Há julgados que justificam a redução com base numa suposta inexistência de culpa do vendedor pelo inadimplemento, diante da perda da safra por condições climáticas adversas, o que é controverso, diante do entendimento do Superior Tribunal de Justiça (STJ) de que esse é um risco inerente à atividade do produtor rural.

A redução das multas, no entanto, deve ser considerada com cuidado para não favorecer a adoção de comportamento oportunista, especialmente daqueles que não tiveram sua produção prejudicada. Caso contrário, pode-se afirmar a existência de um estímulo, nessas circunstâncias, ao descumprimento deliberado dos acordos anteriormente firmados, diante da possibilidade de aumento dos lucros com a venda dos produtos com cotação mais alta no mercado à vista e uma eventual redução judicial da multa prevista no contrato descumprido.

Diante disso, também há julgados que garantem a manutenção das multas nos altos percentuais contratados pelas partes, sendo que tais julgados costumam adentrar nas particularidades do agronegócio e nos prejuízos decorrentes do inadimplemento. Muito embora o art. 416 do Código Civil não exija a demonstração de prejuízo para a cobrança da cláusula penal, estabelecer o contexto da contratação da multa, as consequências do descumprimento do contrato futuro e os custos adicionais incorridos pode ser um caminho interessante para defesa da cobrança da multa contratada em sua integralidade.
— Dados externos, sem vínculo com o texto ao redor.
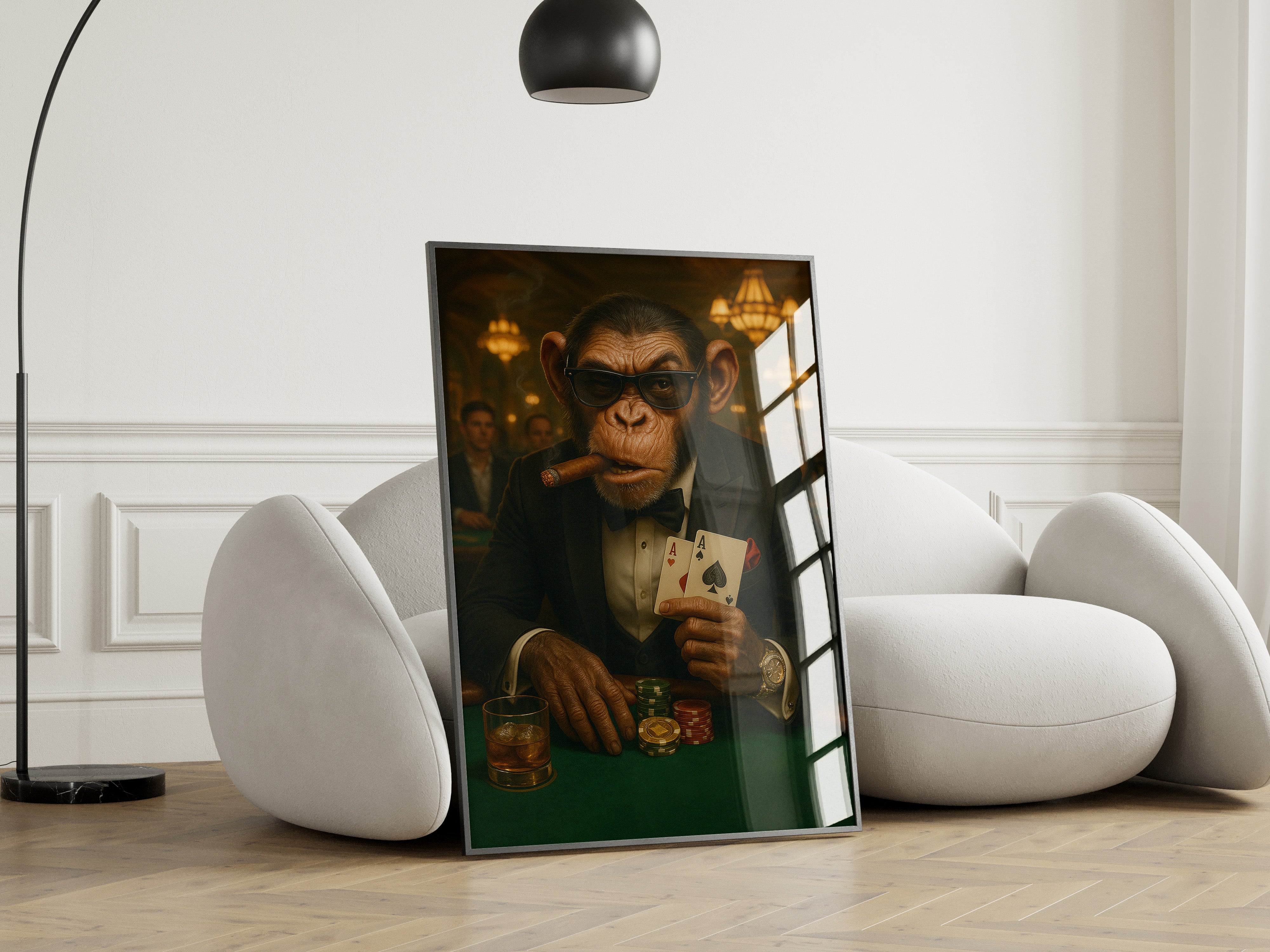 Meet the sharpest player in the room — a chimp in a tux, cigar in mouth, holding pocket aces like he owns the table. This Poker Monkey wall art is pure swagger: the smoke-filled casino glow, the stack of chips, the ice-cold whisky — every detail screams power, humour, and high-stakes energy. Perfect for gamblers, poker lovers, and anyone who plays life with a smirk and a winning hand.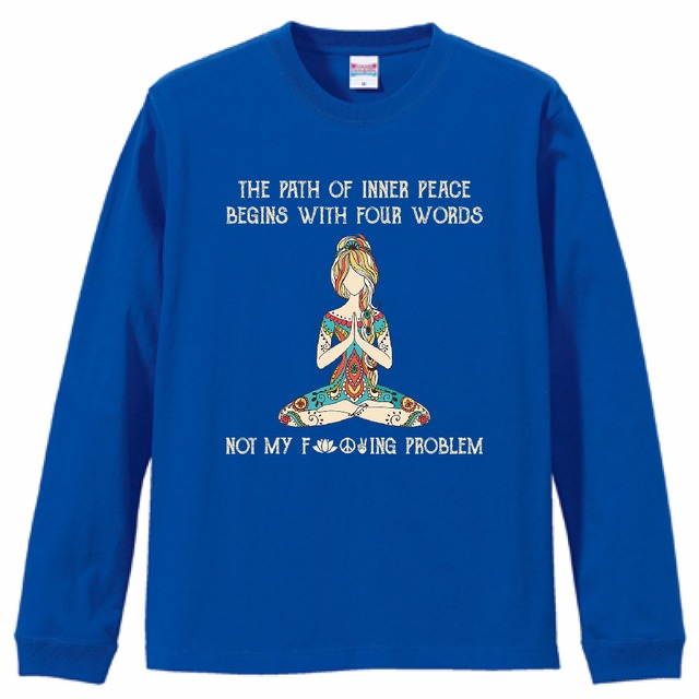 ヨガ長袖Tシャツ|The Path of Inner Peace|癒し・スピリチュアル・ボヘミアンデザイン|ロイヤルブルー

Independentemente de seu resultado, qualquer decisão que discuta excessividade de cláusula penal constante em contratos de compra e venda futuros deve levar em consideração a exata compreensão do enquadramento desses acordos no contexto do agronegócio e de sua cadeia produtiva, em razão da exigência legal de ser considerada "a natureza e a finalidade do negócio". Essa é uma lembrança oportuna e que deve ser observada pelos envolvidos, incluindo os Tribunais ao decidirem eventuais controvérsias sobre a matéria, especialmente nesse momento de disparada de preços de produtos agrícolas, bem como de notícias sobre a impossibilidade de cumprimento de contratos firmados em razão dos impactos das geadas nas lavouras.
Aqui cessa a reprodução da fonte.